February 2 2011
As somebody who doesn't want to put her health decisions in the hands of government bureaucrats, I am really pleased that Federal District Judge Roger Vinson has ruled that Obamacare is unconstitutional. I hope it goes to the Supreme Court and is upheld.
But concerns about health care aren't the only reason to hope that Obamacare is rejected. If the Supreme Court upholds the law, then we will see the most outrageous extension of federal government power in the history of the republic.

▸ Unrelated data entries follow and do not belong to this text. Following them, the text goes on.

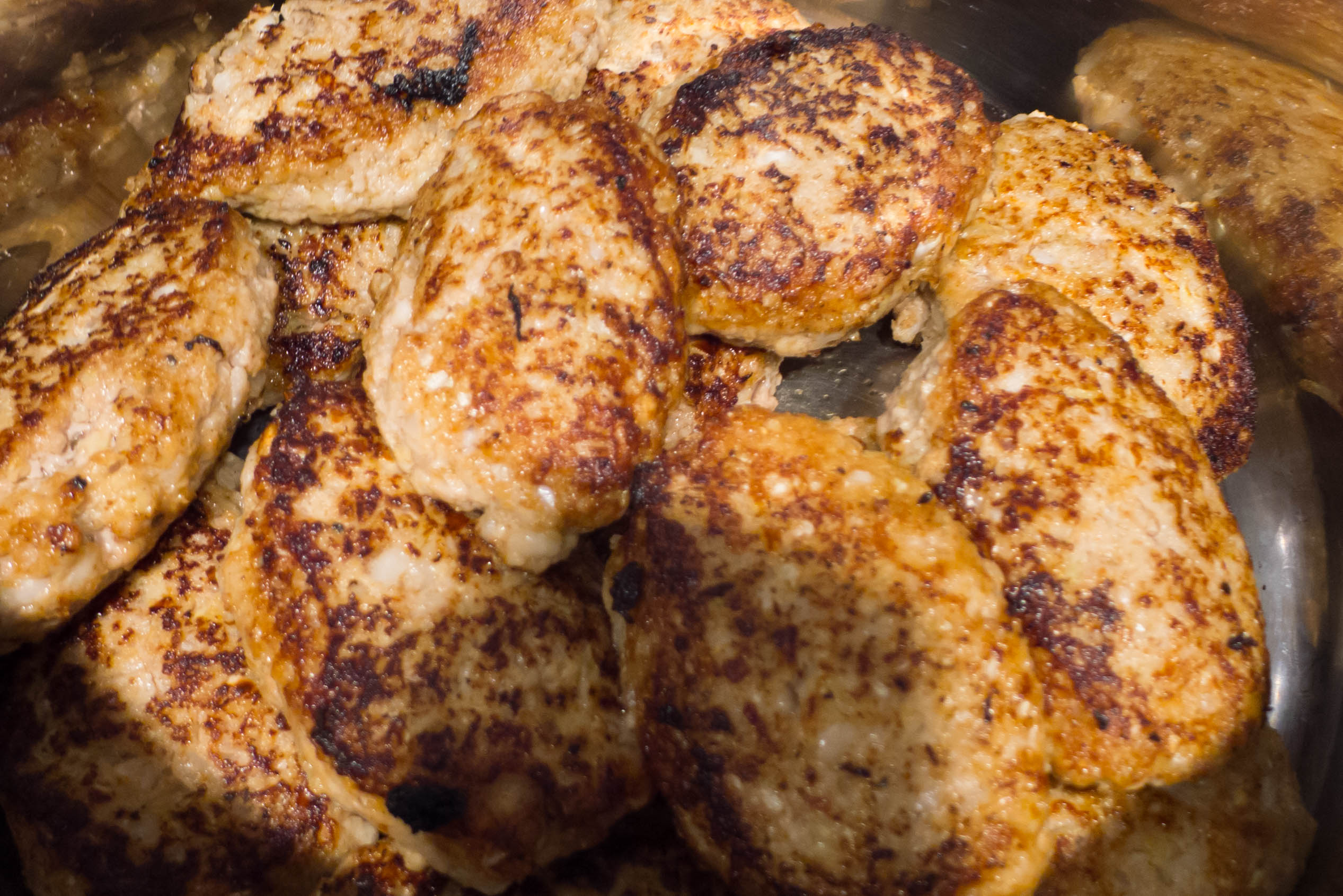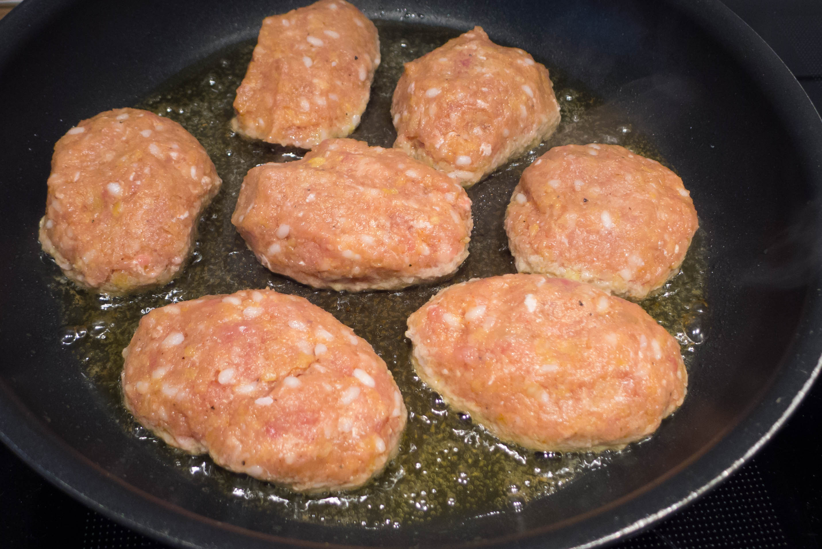 Nun auch den Reis zum Fleisch und Gemüse geben. Mit Salz und Pfeffer würzen (dabei bedenken, dass der Kohl bereits Salz in sich hat). Die Mischung gut durchkneten. Wenn sie dabei zu nass wirkt, ggf. noch etwas (Panier-) Mehl oder eingeweichtes Brot dazugeben. Wenn die Mischung zu trocken wirkt, etwas von dem Gemüsesaft hinzugeben. Aus der Mischung Klöße etwa in der Größe von Frikadellen/Bouletten – oder je nach Belieben. Nun diese in Butterfett oder einem hocherhitzbaren Öl von beiden Seiten scharf anbraten und in einen Topf schichten.
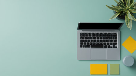 A clean and modern workspace featuring a laptop, sticky notes, and a coffee cup alongside a vibrant potted plant on a mint green surface. Ideal for creative projects.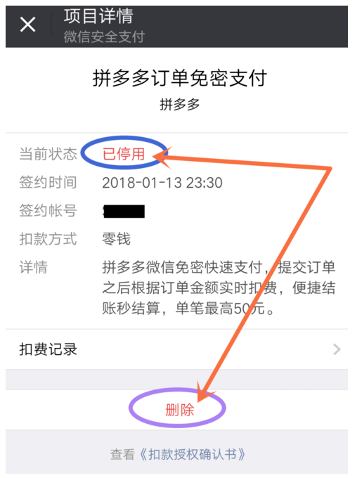 微信支付是我们比较常用的一种付款方式,为了方便,大家会设置免密支付。如果想取消微信免密支付,该如何操作呢?下面小编就以拼多多订单为例,给大家演示取消微信50. 失恋了,好似上帝再给你一次重新选择的机会,让你看清对方,看清自己。让你知道自己真正想要的是什么。免密支付的方法。 如何取消拼多多订单微信免密支付? 1、首先打开微信,点击“我”,进入钱包,如图所示,  2、然后在我的钱包页面,点击进入右上角“钱包菜单”,进入支付中心,如图所示,  3、接着在支付中心里,再点击打开第二项功能“支付管理”,如图所示,  4、在支付管理页面,再点击进入“自动扣费”,如图所示,  5、在自动扣费中,可以查看自己的微信支付签约的扣费项目,点击进入项目“拼多多订单免密支付”,如图所示,  6、在项目详情中,点击“停止扣费”,即可取消此项目的免密支付,如图所示,  7、点击停止扣费后,此项目即显示“已停用”,也可以点击下面“删除”,将此项目删除!如图所示。 解除微信免密支付的相关操作随风普天同庆三言两语飘洒17. 人生象是一碗茶,需细细品味;人生象是一味药,需认真煎熬;人生象是一盘棋,需仔细斟酌。08 日常活动与行为371.长江后浪推前浪,一代新人换旧人。 东风第一枝 史达祖今来典斯郡,山夷又纷然。微信,拼多多Anyhow, wider (more) education (publicity) should be given to the possible (potential / grave / serious / pernicious) consequences (effects) of… |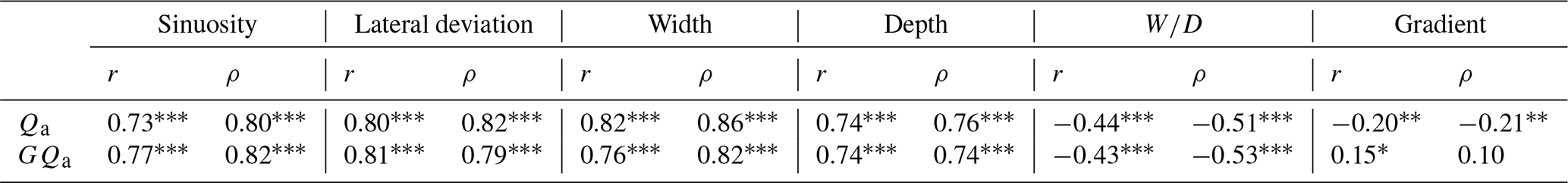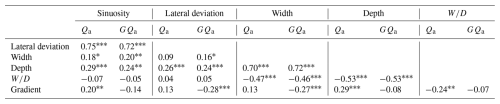 Table 2The partial correlation coefficient between each two geometric parameters, with discharge Qa and water potential energy GQa as control variables. Significance levels of 0.05, 0.01, and 0.001 are denoted by *, **, and ***, respectively.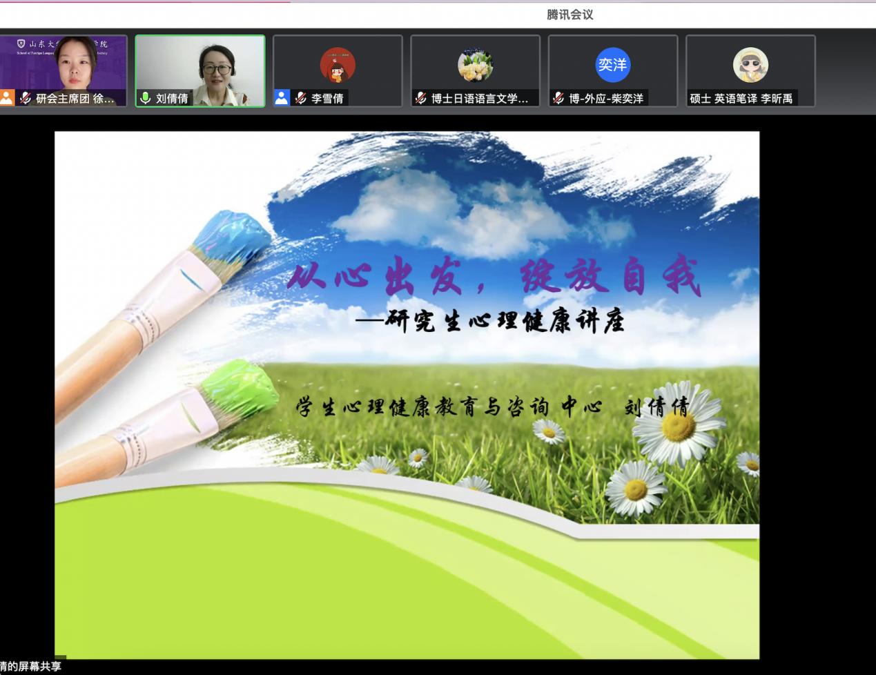 9月8日上午,必赢76net线路唯一官方网站新生入学教育系列活动之心理健康教育线上讲座顺利举办。必赢76net线路唯一官方网站学生心理健康教育与咨询中心的刘倩倩老师受邀做客必赢76net线路唯一官方网站,通过腾讯会议线上平台为2022级全体研究生作了主题为“从心出发,绽放自我”的心理健康讲座。本次讲座由研究生会主席团成员徐一凡主持,2022级硕士研究生辅导员李雪倩老师出席,2022级全体研究生新生参加了本次讲座。

Two legal experts explore the ramifications of upholding Obamacare in today's Wall Street Journal. They point out that the government argued that it has the right to force citizens to buy a product (health insurance) under the Commerce Clause. Recognizing the vulnerability of this argument, the government shifted to the Necessary and Proper Clause of the Constitution, which empowers Congress to make laws necessary to carry out it its enumerated powers.
But Judge Vinson rejected this:
This novel use of the Necessary and Proper Clause, if allowed to stand, would fundamentally transform our constitutional scheme from limited to unlimited federal power, narrowing the scope of individual liberty. In Judge Vinson's words, "the more harm the statute does, the more power Congress could assume for itself under the Necessary and Proper Clause. This result would, of course, expand the Necessary and Proper Clause far beyond its original meaning, and allow Congress to exceed the powers specifically enumerated in Article I."
This is more than health care, as important as that is.
This is about the very nature of our government.